## Exercise objective:
Every entry below should be written out exactly, and no image should appear.

Source records:
"""

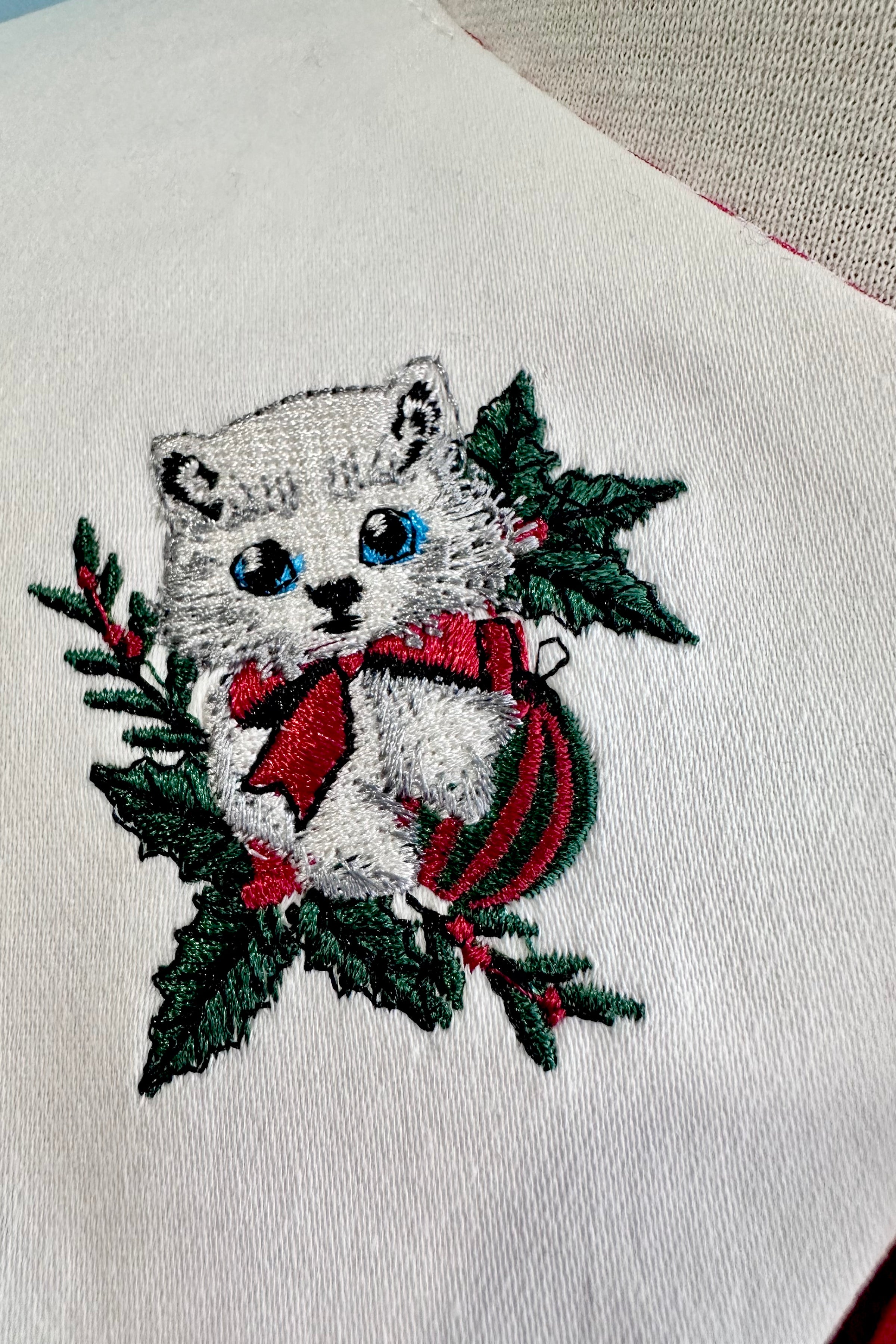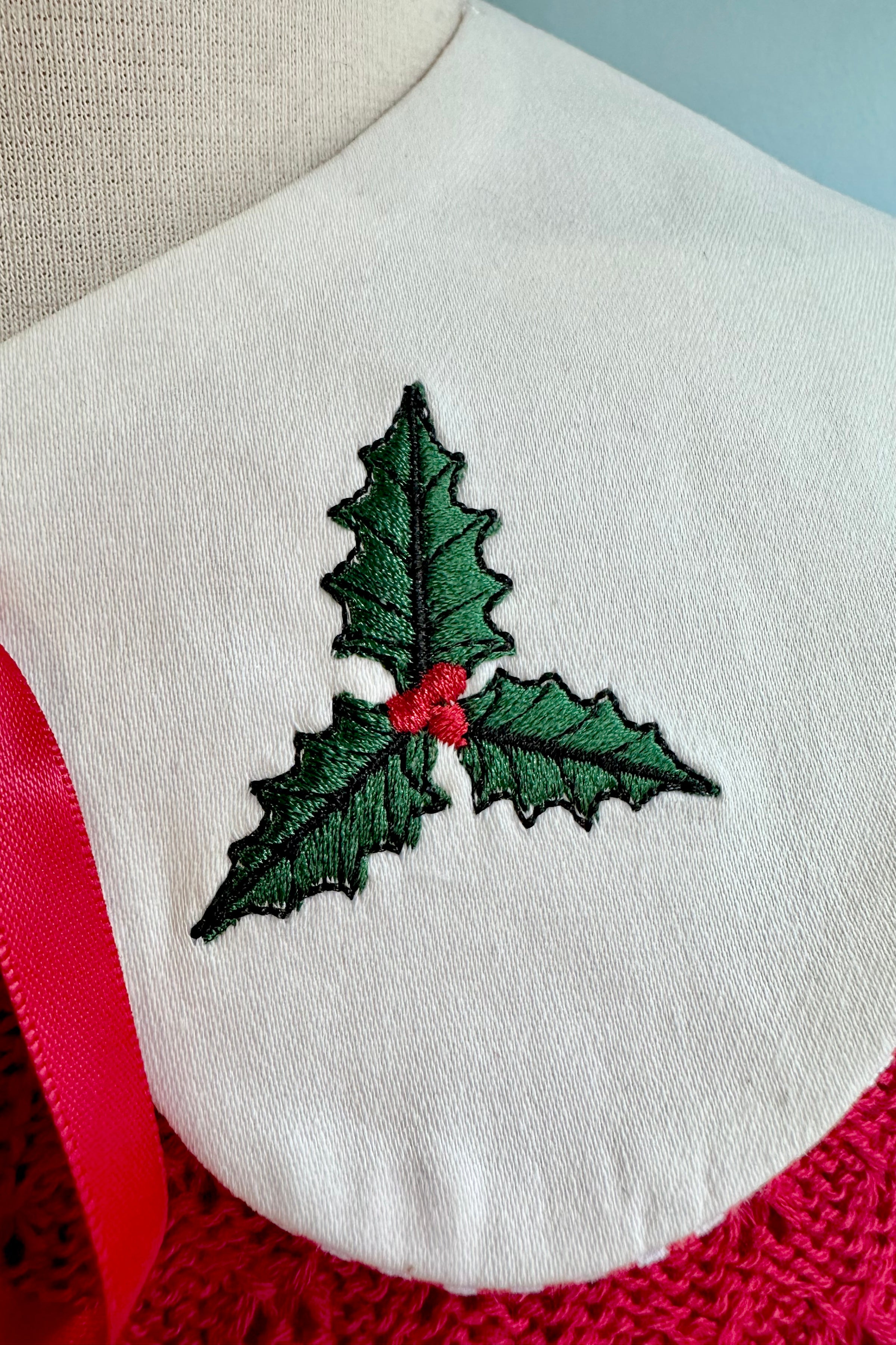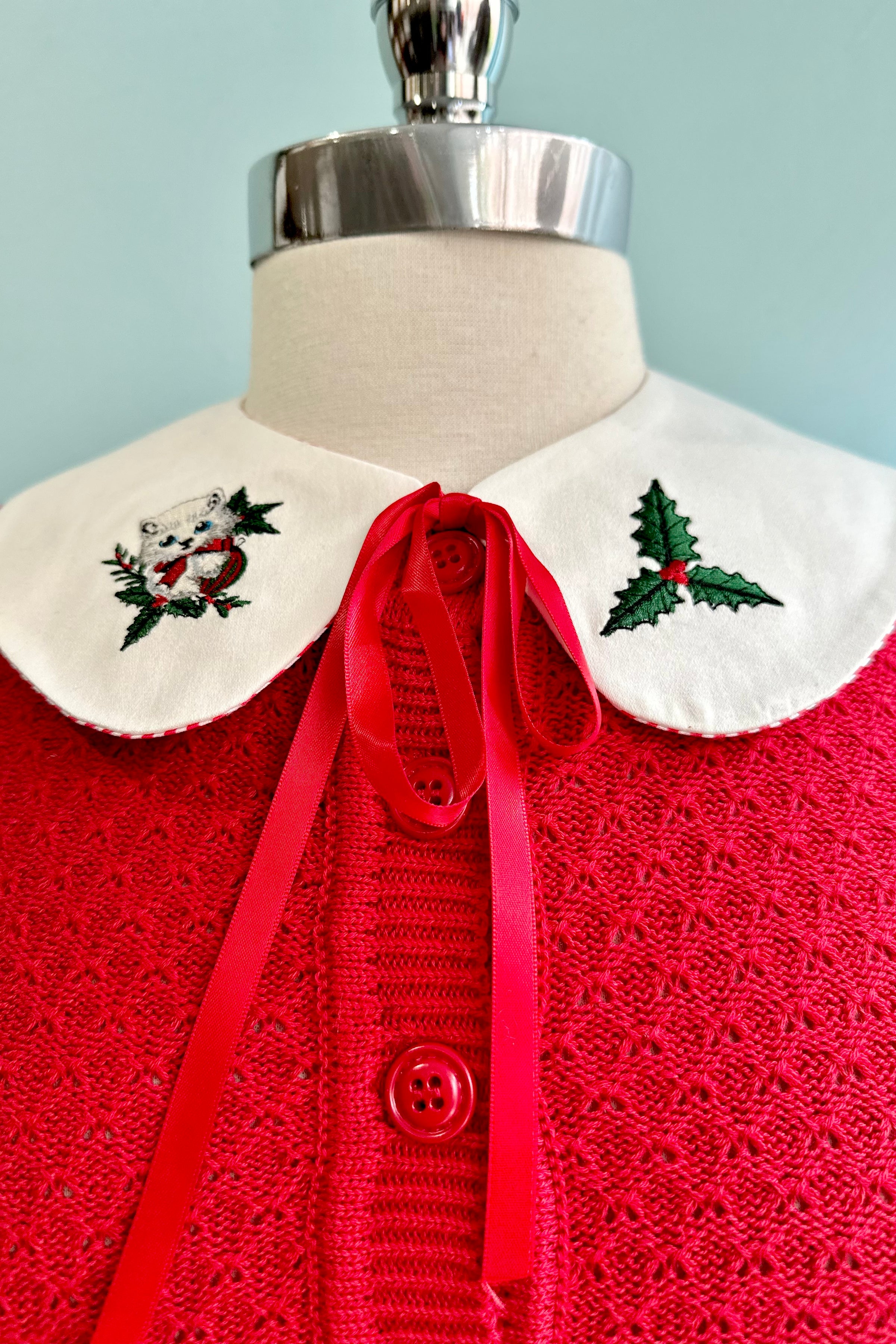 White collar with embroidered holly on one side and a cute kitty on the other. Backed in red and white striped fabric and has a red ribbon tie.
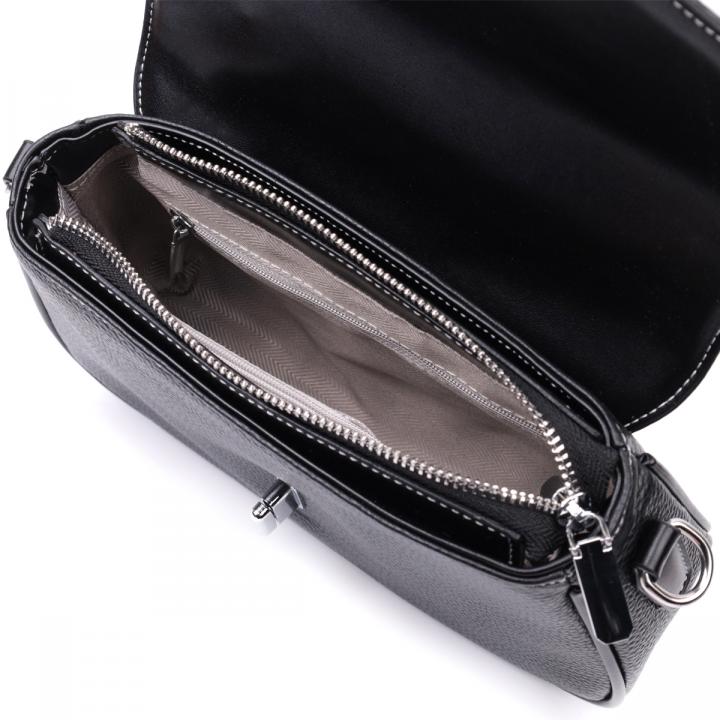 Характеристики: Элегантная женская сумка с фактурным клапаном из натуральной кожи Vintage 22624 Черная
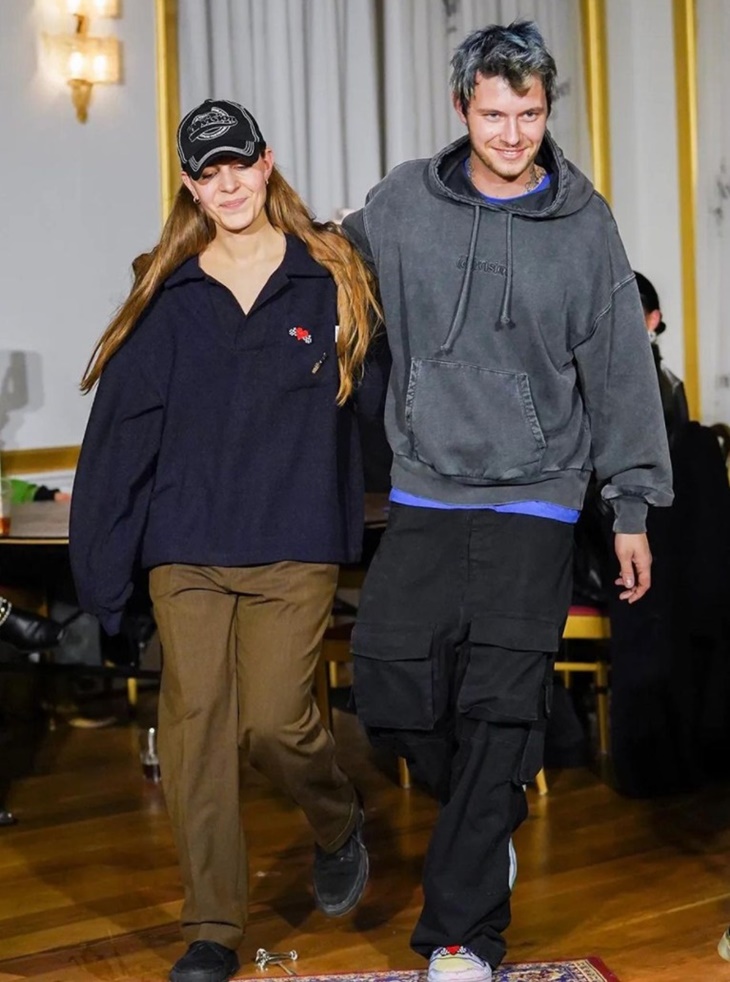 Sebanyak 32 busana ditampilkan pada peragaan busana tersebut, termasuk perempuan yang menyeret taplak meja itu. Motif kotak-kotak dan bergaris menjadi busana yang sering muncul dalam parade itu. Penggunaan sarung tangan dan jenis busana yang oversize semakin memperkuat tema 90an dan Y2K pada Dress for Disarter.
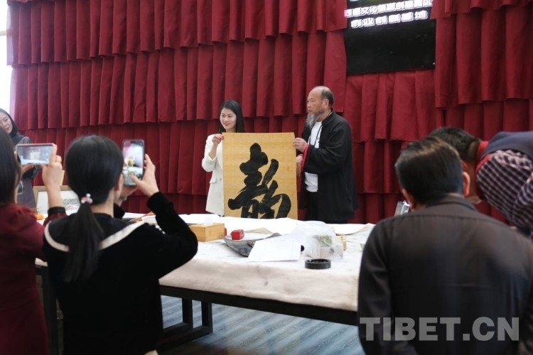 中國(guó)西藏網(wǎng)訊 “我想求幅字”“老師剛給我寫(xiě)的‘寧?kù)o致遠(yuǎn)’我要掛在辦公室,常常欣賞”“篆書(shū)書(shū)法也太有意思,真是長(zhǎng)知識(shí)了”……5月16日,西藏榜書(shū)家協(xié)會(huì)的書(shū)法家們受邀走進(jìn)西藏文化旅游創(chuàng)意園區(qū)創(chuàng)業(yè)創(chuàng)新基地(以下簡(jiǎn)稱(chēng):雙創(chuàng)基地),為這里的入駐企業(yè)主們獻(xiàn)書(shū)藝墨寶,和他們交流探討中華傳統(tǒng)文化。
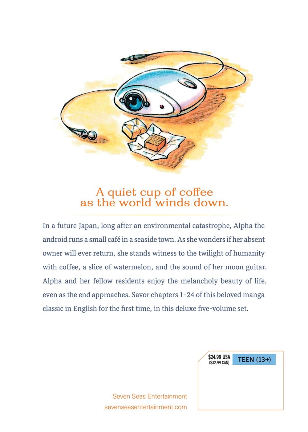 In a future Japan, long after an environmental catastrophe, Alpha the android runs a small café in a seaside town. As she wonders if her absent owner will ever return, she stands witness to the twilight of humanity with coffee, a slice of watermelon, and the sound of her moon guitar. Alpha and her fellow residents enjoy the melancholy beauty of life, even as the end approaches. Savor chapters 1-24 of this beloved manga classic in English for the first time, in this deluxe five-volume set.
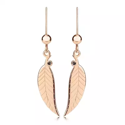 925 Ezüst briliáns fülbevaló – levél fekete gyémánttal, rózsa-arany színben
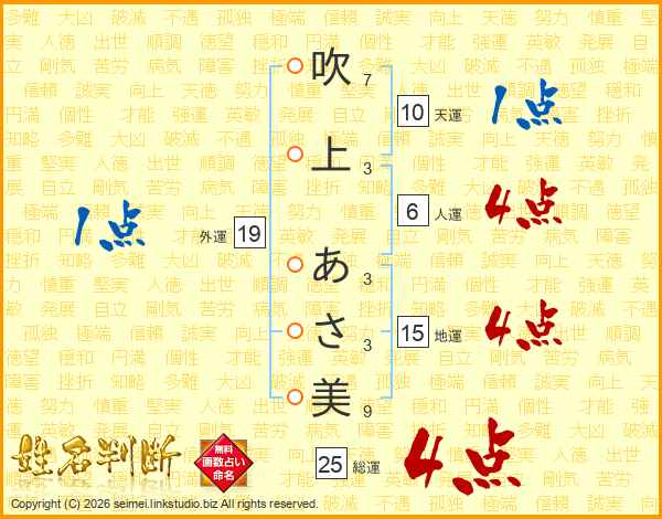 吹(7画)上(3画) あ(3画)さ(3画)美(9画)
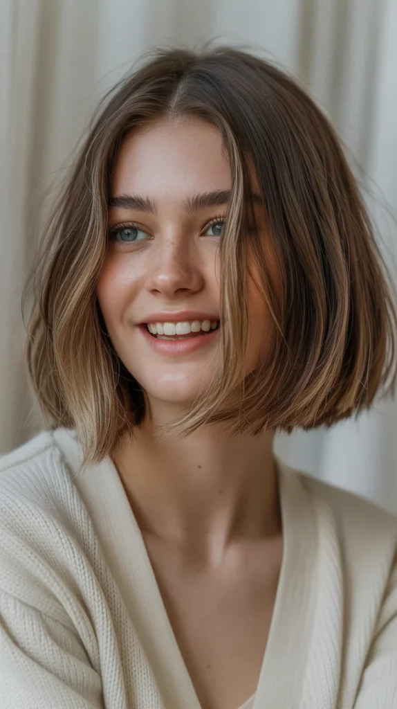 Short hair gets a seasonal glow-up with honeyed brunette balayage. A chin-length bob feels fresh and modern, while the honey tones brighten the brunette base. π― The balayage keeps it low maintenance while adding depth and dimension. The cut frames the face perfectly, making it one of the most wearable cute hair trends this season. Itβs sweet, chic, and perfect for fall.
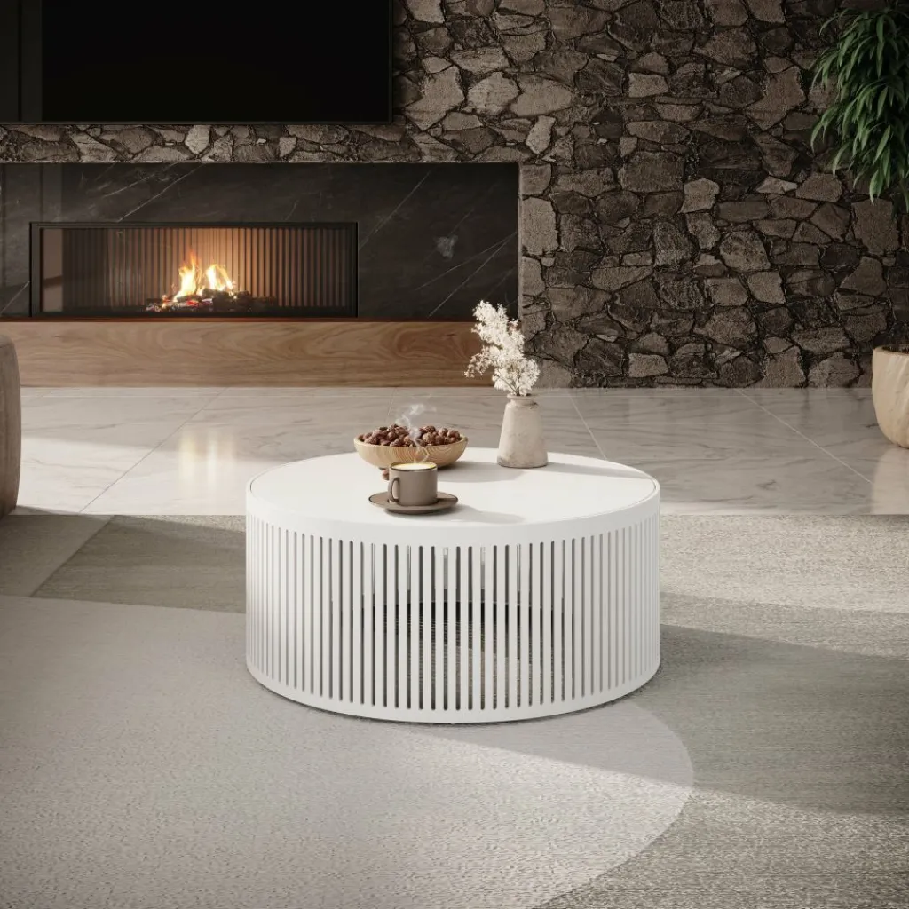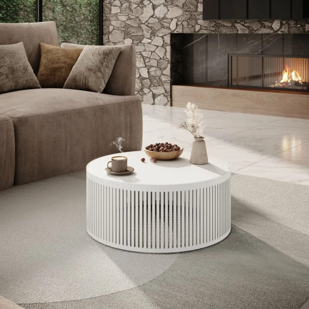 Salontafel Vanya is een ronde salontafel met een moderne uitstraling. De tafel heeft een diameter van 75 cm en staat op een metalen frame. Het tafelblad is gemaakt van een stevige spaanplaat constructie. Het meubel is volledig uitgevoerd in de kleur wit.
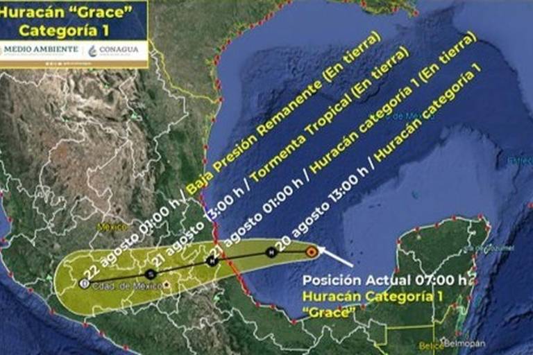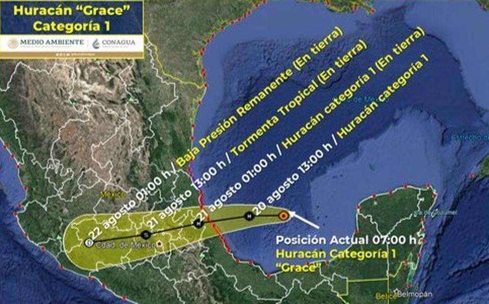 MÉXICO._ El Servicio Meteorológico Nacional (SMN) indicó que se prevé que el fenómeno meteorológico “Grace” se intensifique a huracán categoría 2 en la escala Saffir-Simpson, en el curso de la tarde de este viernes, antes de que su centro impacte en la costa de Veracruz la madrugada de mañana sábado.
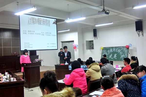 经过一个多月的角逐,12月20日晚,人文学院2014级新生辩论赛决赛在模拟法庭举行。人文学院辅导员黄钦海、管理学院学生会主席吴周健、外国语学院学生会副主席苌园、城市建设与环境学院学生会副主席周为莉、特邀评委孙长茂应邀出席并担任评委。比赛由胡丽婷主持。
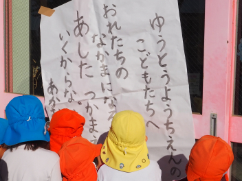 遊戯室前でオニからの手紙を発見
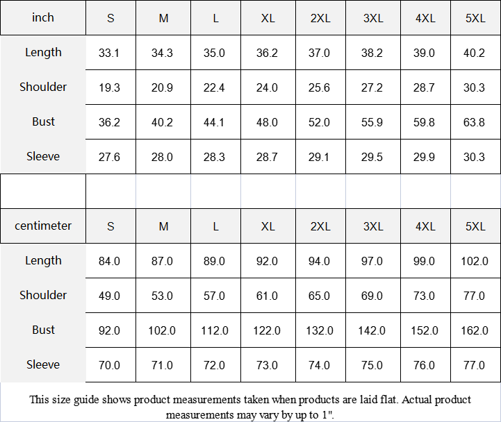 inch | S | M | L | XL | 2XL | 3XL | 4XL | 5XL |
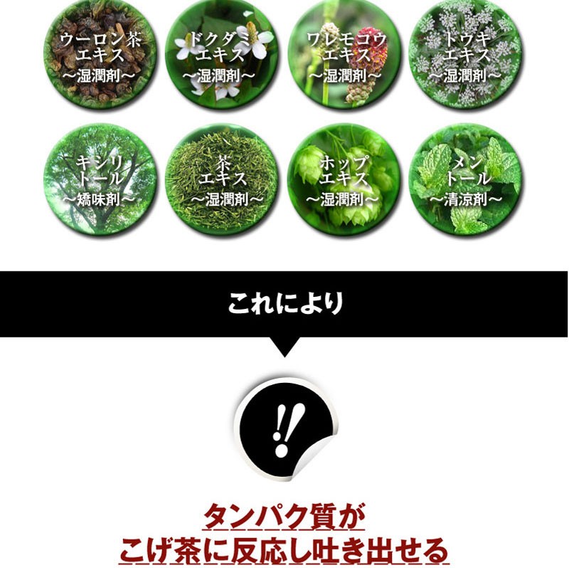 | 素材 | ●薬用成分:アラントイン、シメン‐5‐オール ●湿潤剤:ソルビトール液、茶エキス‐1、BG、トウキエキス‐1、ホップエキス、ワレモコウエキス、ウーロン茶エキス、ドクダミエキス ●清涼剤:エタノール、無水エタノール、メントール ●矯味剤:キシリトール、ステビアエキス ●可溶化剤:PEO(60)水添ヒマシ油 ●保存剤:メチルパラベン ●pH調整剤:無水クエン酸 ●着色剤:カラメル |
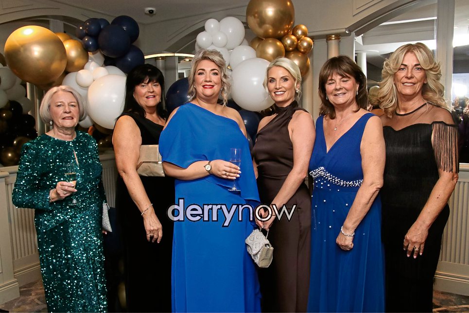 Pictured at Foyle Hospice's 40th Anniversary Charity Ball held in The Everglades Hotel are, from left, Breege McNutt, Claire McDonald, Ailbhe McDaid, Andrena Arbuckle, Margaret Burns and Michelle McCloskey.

"""

## Output for this exercise:
 White collar with embroidered holly on one side and a cute kitty on the other. Backed in red and white striped fabric and has a red ribbon tie.
 Характеристики: Элегантная женская сумка с фактурным клапаном из натуральной кожи Vintage 22624 Черная
 Sebanyak 32 busana ditampilkan pada peragaan busana tersebut, termasuk perempuan yang menyeret taplak meja itu. Motif kotak-kotak dan bergaris menjadi busana yang sering muncul dalam parade itu. Penggunaan sarung tangan dan jenis busana yang oversize semakin memperkuat tema 90an dan Y2K pada Dress for Disarter.
 中國(guó)西藏網(wǎng)訊 “我想求幅字”“老師剛給我寫(xiě)的‘寧?kù)o致遠(yuǎn)’我要掛在辦公室,常常欣賞”“篆書(shū)書(shū)法也太有意思,真是長(zhǎng)知識(shí)了”……5月16日,西藏榜書(shū)家協(xié)會(huì)的書(shū)法家們受邀走進(jìn)西藏文化旅游創(chuàng)意園區(qū)創(chuàng)業(yè)創(chuàng)新基地(以下簡(jiǎn)稱(chēng):雙創(chuàng)基地),為這里的入駐企業(yè)主們獻(xiàn)書(shū)藝墨寶,和他們交流探討中華傳統(tǒng)文化。
 In a future Japan, long after an environmental catastrophe, Alpha the android runs a small café in a seaside town. As she wonders if her absent owner will ever return, she stands witness to the twilight of humanity with coffee, a slice of watermelon, and the sound of her moon guitar. Alpha and her fellow residents enjoy the melancholy beauty of life, even as the end approaches. Savor chapters 1-24 of this beloved manga classic in English for the first time, in this deluxe five-volume set.
 925 Ezüst briliáns fülbevaló – levél fekete gyémánttal, rózsa-arany színben
 吹(7画)上(3画) あ(3画)さ(3画)美(9画)
 Short hair gets a seasonal glow-up with honeyed brunette balayage. A chin-length bob feels fresh and modern, while the honey tones brighten the brunette base. π― The balayage keeps it low maintenance while adding depth and dimension. The cut frames the face perfectly, making it one of the most wearable cute hair trends this season. Itβs sweet, chic, and perfect for fall.
 Salontafel Vanya is een ronde salontafel met een moderne uitstraling. De tafel heeft een diameter van 75 cm en staat op een metalen frame. Het tafelblad is gemaakt van een stevige spaanplaat constructie. Het meubel is volledig uitgevoerd in de kleur wit.
 MÉXICO._ El Servicio Meteorológico Nacional (SMN) indicó que se prevé que el fenómeno meteorológico “Grace” se intensifique a huracán categoría 2 en la escala Saffir-Simpson, en el curso de la tarde de este viernes, antes de que su centro impacte en la costa de Veracruz la madrugada de mañana sábado.
 经过一个多月的角逐,12月20日晚,人文学院2014级新生辩论赛决赛在模拟法庭举行。人文学院辅导员黄钦海、管理学院学生会主席吴周健、外国语学院学生会副主席苌园、城市建设与环境学院学生会副主席周为莉、特邀评委孙长茂应邀出席并担任评委。比赛由胡丽婷主持。
 遊戯室前でオニからの手紙を発見
 inch | S | M | L | XL | 2XL | 3XL | 4XL | 5XL |
 | 素材 | ●薬用成分:アラントイン、シメン‐5‐オール ●湿潤剤:ソルビトール液、茶エキス‐1、BG、トウキエキス‐1、ホップエキス、ワレモコウエキス、ウーロン茶エキス、ドクダミエキス ●清涼剤:エタノール、無水エタノール、メントール ●矯味剤:キシリトール、ステビアエキス ●可溶化剤:PEO(60)水添ヒマシ油 ●保存剤:メチルパラベン ●pH調整剤:無水クエン酸 ●着色剤:カラメル |
 Pictured at Foyle Hospice's 40th Anniversary Charity Ball held in The Everglades Hotel are, from left, Breege McNutt, Claire McDonald, Ailbhe McDaid, Andrena Arbuckle, Margaret Burns and Michelle McCloskey.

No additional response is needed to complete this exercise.